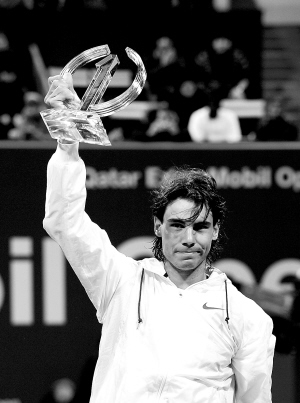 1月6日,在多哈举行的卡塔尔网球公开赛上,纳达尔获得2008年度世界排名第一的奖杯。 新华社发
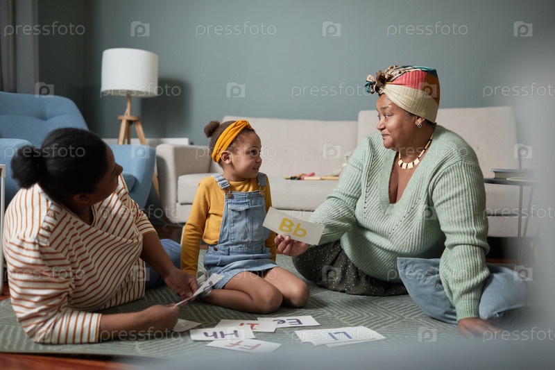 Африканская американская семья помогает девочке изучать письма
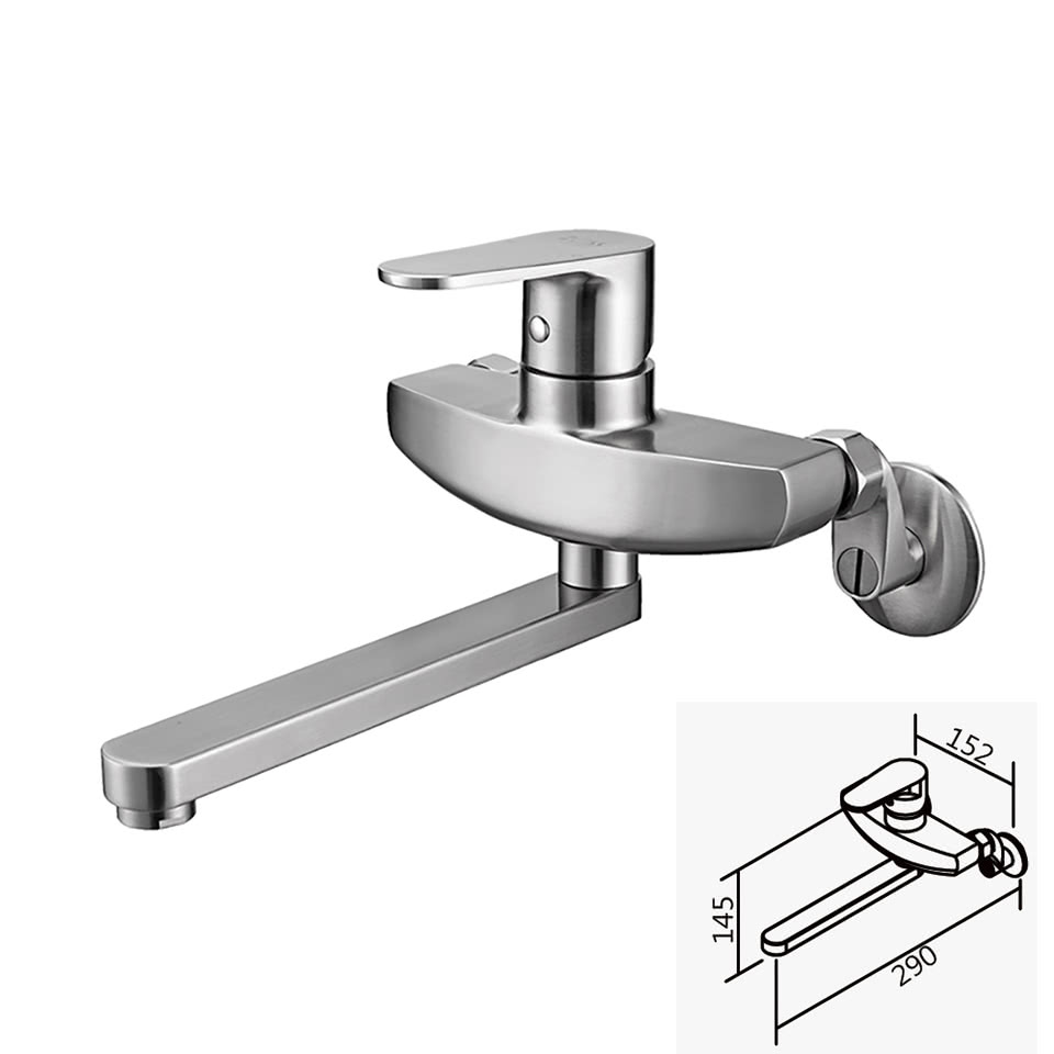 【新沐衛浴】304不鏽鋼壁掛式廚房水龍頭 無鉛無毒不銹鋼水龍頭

◇ ◇ ◇ ◇ ◇

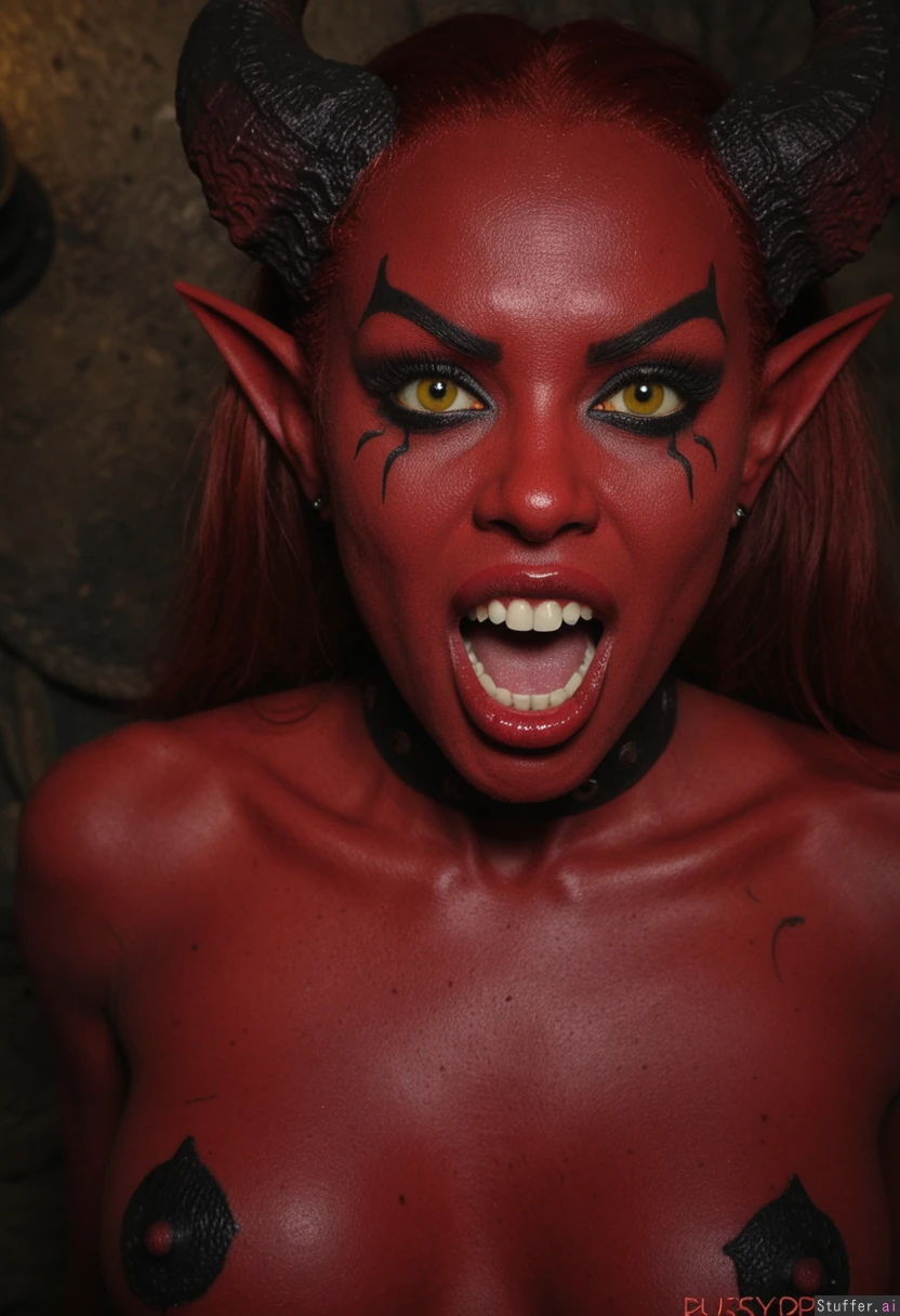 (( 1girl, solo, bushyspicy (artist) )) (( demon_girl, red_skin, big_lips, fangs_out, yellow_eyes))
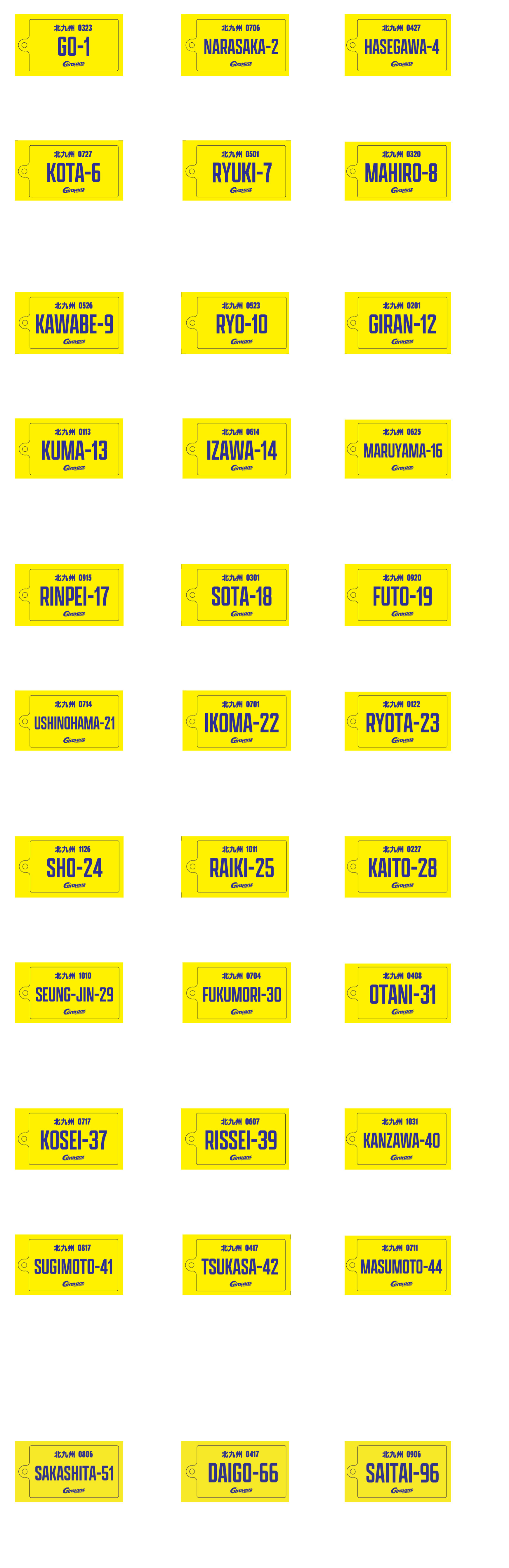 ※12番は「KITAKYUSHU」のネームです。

◇ ◇ ◇ ◇ ◇

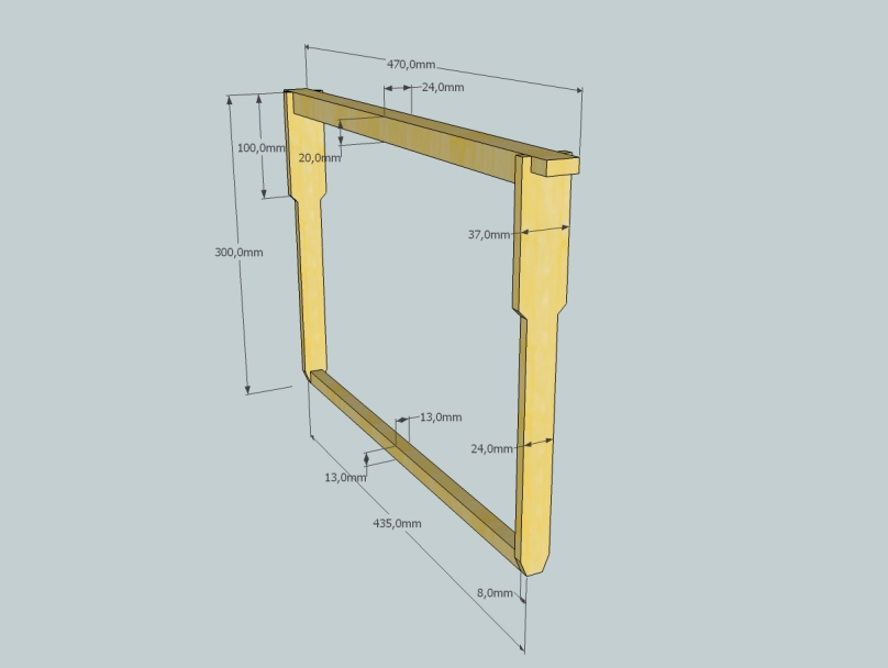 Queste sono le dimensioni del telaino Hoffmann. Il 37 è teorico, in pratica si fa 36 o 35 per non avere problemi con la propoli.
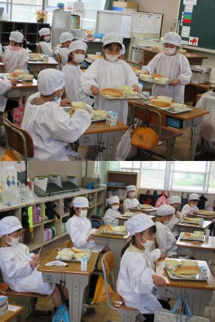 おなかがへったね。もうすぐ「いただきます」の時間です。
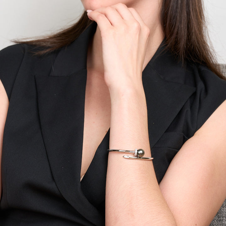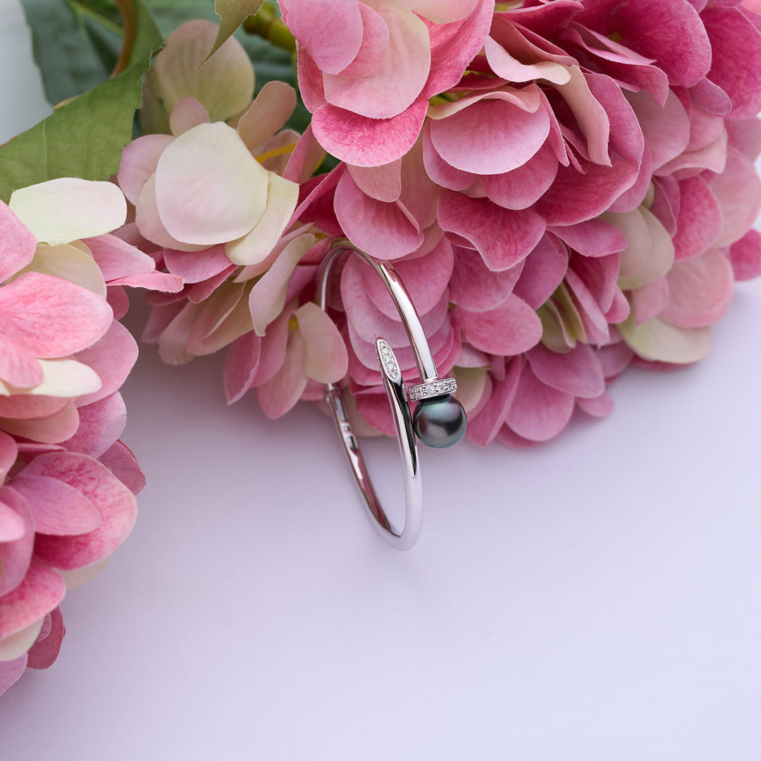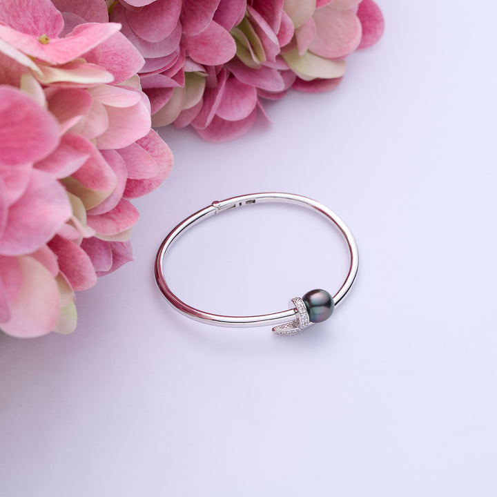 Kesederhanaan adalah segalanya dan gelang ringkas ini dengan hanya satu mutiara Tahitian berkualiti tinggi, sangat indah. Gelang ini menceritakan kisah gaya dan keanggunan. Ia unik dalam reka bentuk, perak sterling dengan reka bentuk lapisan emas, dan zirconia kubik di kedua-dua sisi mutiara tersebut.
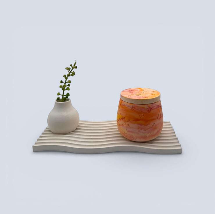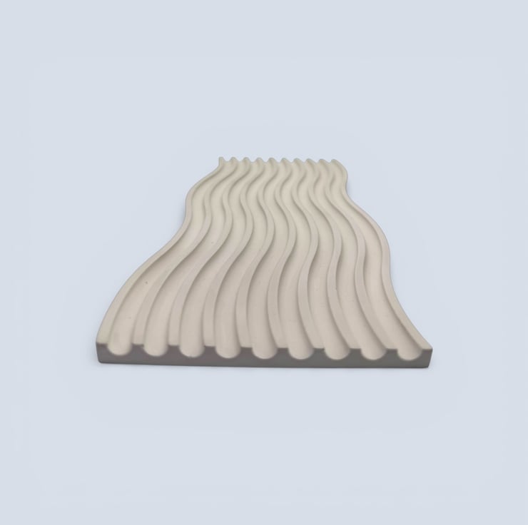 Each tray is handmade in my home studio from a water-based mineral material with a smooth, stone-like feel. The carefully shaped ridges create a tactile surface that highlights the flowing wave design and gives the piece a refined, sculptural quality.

◇ ◇ ◇ ◇ ◇

=== Prompt ===
Your answer is the exact run of lines above from the one with "おなかがへったね。もうすぐ「いただきます」の時間です。" through the one with "Each tray is", both ends included, minus any picture.

=== Output ===
 おなかがへったね。もうすぐ「いただきます」の時間です。
 Kesederhanaan adalah segalanya dan gelang ringkas ini dengan hanya satu mutiara Tahitian berkualiti tinggi, sangat indah. Gelang ini menceritakan kisah gaya dan keanggunan. Ia unik dalam reka bentuk, perak sterling dengan reka bentuk lapisan emas, dan zirconia kubik di kedua-dua sisi mutiara tersebut.
 Each tray is handmade in my home studio from a water-based mineral material with a smooth, stone-like feel. The carefully shaped ridges create a tactile surface that highlights the flowing wave design and gives the piece a refined, sculptural quality.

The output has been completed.